Day 23, 737: Weighing Success vs. Failure.
I’ve always been a bit off balance. It’s served me well. It has resulted in a certain degree of clutziness throughout my life, but also allows me to fall and land well since I’m so used to being off centered. Nevertheless, my balance is not what it used to be, largely because I don’t practice it enough. I don’t take Yoga, and I don’t do balance exercises at the gym.
A few years ago, I wanted to again take up inline skating. My entire family voted against it because when you fall you fall on hard ground, usually concrete, and can break something.

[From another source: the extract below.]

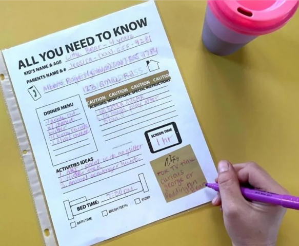 This is where a reusable plan for babysitters comes in. This is one of the most effective baby hacks to make sure nothing gets missed. You can fill out all the information you need to before you leave. Include any information that a babysitter may need, such as emergency contacts, bedtimes and when you will be returning.

Given all that, you’d think I’d shy away from any sort of balancing acts, but no. Today, we bought a Standing Paddle Board to prepare for fun summer activities. It’s a safe bet my girls will use the paddle board more than me, but it’s also a safe bet I’ll use it and fall frequently. The good news is that when you fall on a paddle board, it’s into water, so it’s a soft landing. No harm, except to egos, and I have no ego about balance. Success to me is staying standing longer than I might otherwise assume with each outing.
Last year, we tried paddle boarding with a neighbor’s board. I thought it was a tremendous success because I got up on the paddle board and paddled away the tiniest bit. And I did fall, but not until I moved the board a few feet forward and a few feet sideways. I couldn’t turn it around, and, of course, I was rushing because I had a pending appointment on more solid ground.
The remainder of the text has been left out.